Nuclear segmentation, nuclear classification, computational pathology, deep learning.


I Introduction

Current manual assessment of Haematoxylin and Eosin (H&E) stained histology slides suffers from low throughput and is naturally prone to intra- and inter-observer variability [1]. To overcome the difficulty in visual assessment of tissue slides, there is a growing interest in digital pathology (DP), where digitised whole-slide images (WSIs) are acquired from glass histology slides using a scanning device. This permits efficient processing, analysis and management of the tissue specimens [2]. Each WSI contains tens of thousands of nuclei of various types, which can be further analysed in a systematic manner and used for predicting clinical outcome. Here, the type of nucleus refers to the cell type in which it is located. For example, nuclear features can be used to predict survival [3] and also for diagnosing the grade and type of disease [4]. Also, efficient and accurate detection and segmentation of nuclei can facilitate good quality tissue segmentation [5, 6], which can in turn not only facilitate the quantification of WSIs but may also serve as an important step in understanding how each tissue component contributes to disease. In order to use nuclear features for downstream analysis within computational pathology, nuclear segmentation must be carried out as an initial step. However, this remains a challenge because nuclei display a high level of heterogeneity and there is significant inter- and intra-instance variability in the shape, size and chromatin pattern between and within different cell types, disease types or even from one region to another within a single tissue sample. Tumour nuclei, in particular, tend to be present in clusters, which gives rise to many overlapping instances, providing a further challenge for automated segmentation, due to the difficulty of separating neighbouring instances.

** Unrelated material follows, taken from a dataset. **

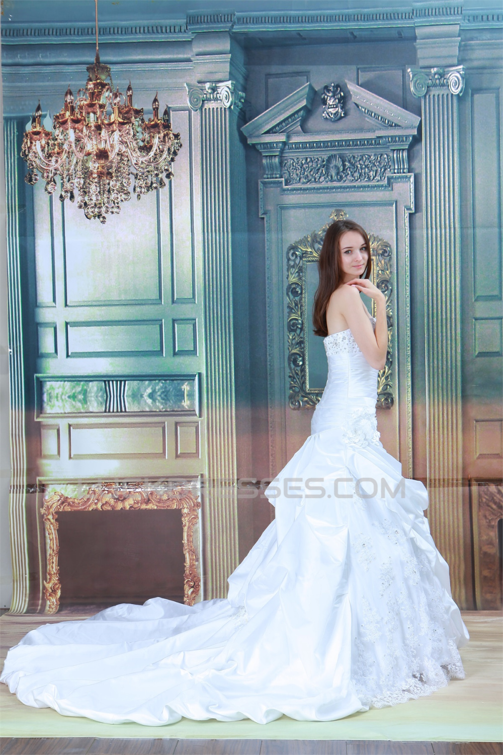 New Arrival Strapless Satin Lace A-Line Sleeveless Wedding Dresses 2031252

As well as extracting each individual nucleus, determining the type of each nucleus can increase the diagnostic potential of current DP pipelines. For example, accurately classifying each nucleus to be from tumour or lymphocyte enables downstream analysis of tumour infiltrating lymphocytes (TILs), which have been shown to be predictive of cancer recurrence [7]. Yet, similar to nuclear segmentation, classifying the type of each nucleus is difficult, due to the high variance of nuclear appearance within each WSI. Typically, nuclei are classified using two disjoint models: one for detecting each nucleus and then another for performing nuclear classification [8, 9]. However, it would be preferable to utilise a single unified model for nuclear instance segmentation and classification.

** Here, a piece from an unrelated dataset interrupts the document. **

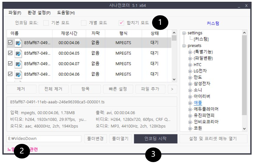 ① ShanaEncoder 최신 버전 설치 후 '합치기 모드' 실행, 동영상 리스트 추가

In this paper, we present a deep learning approach111Model code: https://github.com/vqdang/hover_net for simultaneous segmentation and classification of nuclear instances in histology images. The network is based on the prediction of horizontal and vertical distances (and hence the name HoVer-Net) of nuclear pixels to their centres of mass, which are subsequently leveraged to separate clustered nuclei. For each segmented instance, the nuclear type is subsequently determined via a dedicated up-sampling branch. To the best of our knowledge, this is the first approach that achieves instance segmentation and classification within the same network. We present comparative results on six independent multi-tissue histology image datasets and demonstrate state-of-the-art performance compared to other recently proposed methods. The main contributions of this work are listed as follows:

  • A novel network, targeted at simultaneous segmentation and classification of nuclei, where horizontal and vertical distance map predictions separate clustered nuclei.

  • We show that the proposed HoVer-Net achieves state-of-the-art performance on multiple H&E histology image datasets, as compared to over a dozen recently published methods.

  • An interpretable and reliable evaluation framework that effectively quantifies nuclear segmentation performance and overcomes the limitations of existing performance measures.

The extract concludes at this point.